I am trying to substring many strings with bash.However, despite the prefix is sorrectly deleted, the suffix is not.

One of the strings:

lcl|MK087647.1_cds_QHD46953.1_7_[gene=rpl2]_[protein=ribosomal_protein_L2]_[exception=RNA_editing]_[protein_id=QHD46953.1]_[location=complement(71768..73444)]_[gbkey=CDS]

The desired output:

MK087647.1_cds_QHD46953.1_7_[gene=rpl2]_[protein=ribosomal_protein_L2]

The code

 for row in $colonna2; do tmp=${row#*lcl|}
 colonna2_newname=${tmp%exception=*} echo $colonna2_newname; done

The output

MK087647.1_cds_QHD46953.1_7_[gene=rpl2]_[protein=ribosomal_protein_L2]_[exception=RNA_editing]_[protein_id=QHD46953.1]_[location=complement(71768..73444)]_[gbkey=CDS]

Any guess why the suffix is not deleted? Has my syntax some error?

Thanks in advance

Claudio21
  • 45
  • 5
  • I can't reproduce this, perhaps also because we don't know what `colonna2` contains. If you are reading a file, try `sed 's/.*lcl|\(.*\)exception=/\1/'` – tripleee Sep 10 '21 at 10:33
  • If you genuinely don't have a newline or a semicolon before the `echo`, the line gets parsed before the variable is set. – tripleee Sep 10 '21 at 10:35

1 Answers1

1

You have the variable substitution mostly right; it seems the main problem with the code is that there is no line break or semicolon after you define the colonna2_newname variable.
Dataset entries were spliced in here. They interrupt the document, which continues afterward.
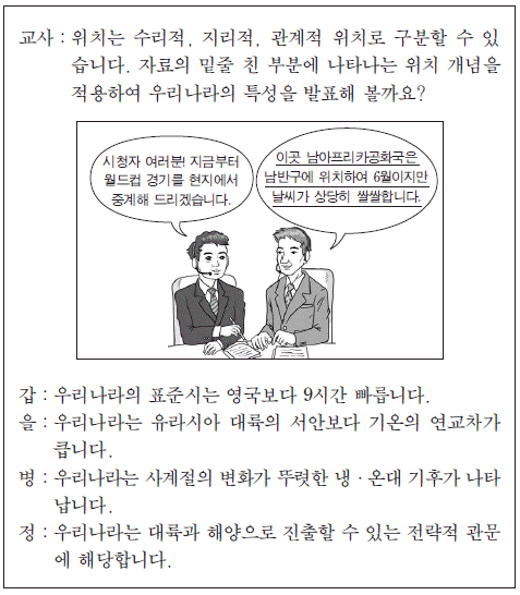 다음은 우리나라의 위치에 관한 수업 장면이다. 교사의 질문에 옳게 대답한 학생을 고른 것은?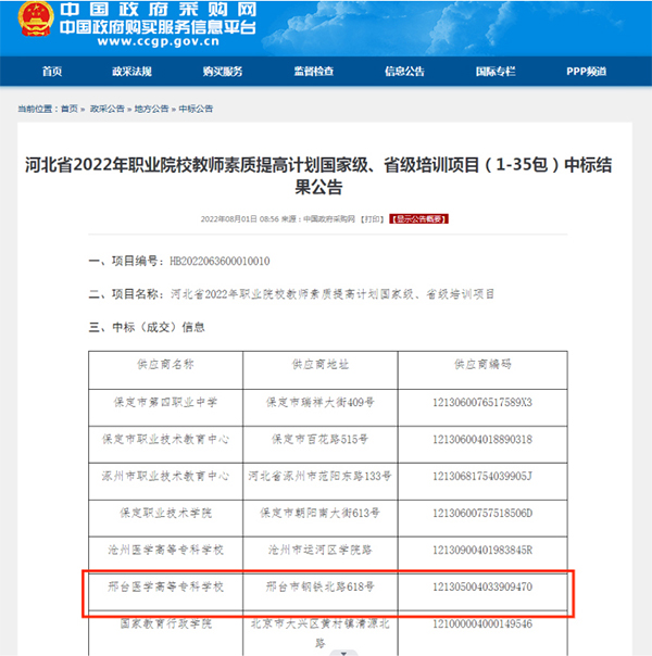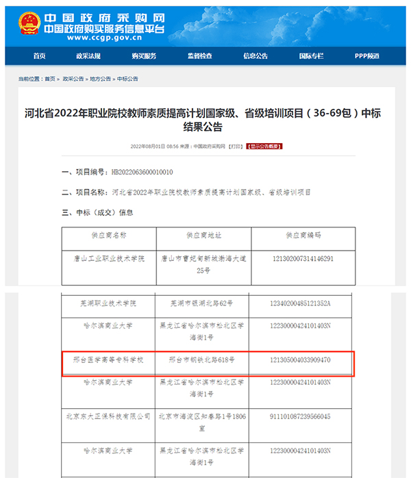 近日,中国政府采购网公布了河北省2022年职业院校教师素质提高计划国家级、省级培训项目中标结果,beat365官网申报的大学生心理健康指导教师培训、职业学校学生心理疏导与心理危机干预专题培训、技能大赛指导教师课赛融合与技能训练培训(医药卫生大类)、产业导师特聘和教师企业实践5个项目成功获批,计划培训245人,累计项目资金99.8万元,项目数和项目资金均创历史新高。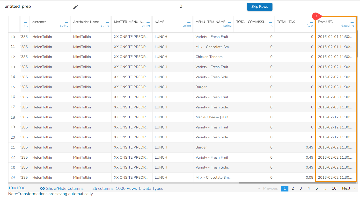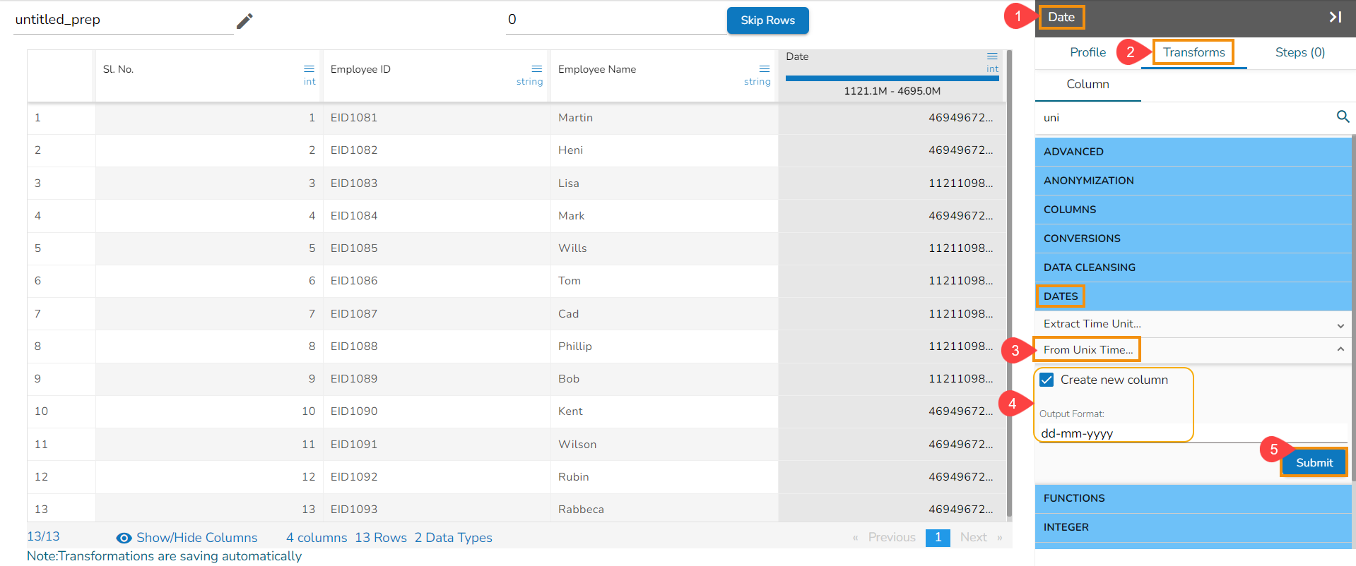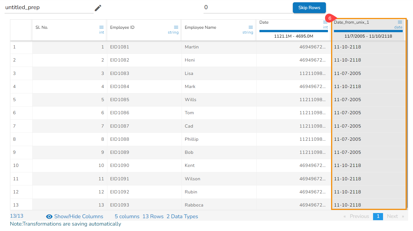 The From Unix Time transform converts the Unix time into a specified format. The From Unix Time transform has been applied on the Date column that contains the values in the Unix format,

You will also want to change the colonna2_newname variable's definition from ${tmp%exception=*} to ${tmp%_[exception=*}.

for row in $colonna2
do
  tmp="${row#*lcl|}"
  colonna2_newname="${tmp%exception=*}"
  echo "$colonna2_newname"
done

# output:
# MK087647.1_cds_QHD46953.1_7_[gene=rpl2]_[protein=ribosomal_protein_L2]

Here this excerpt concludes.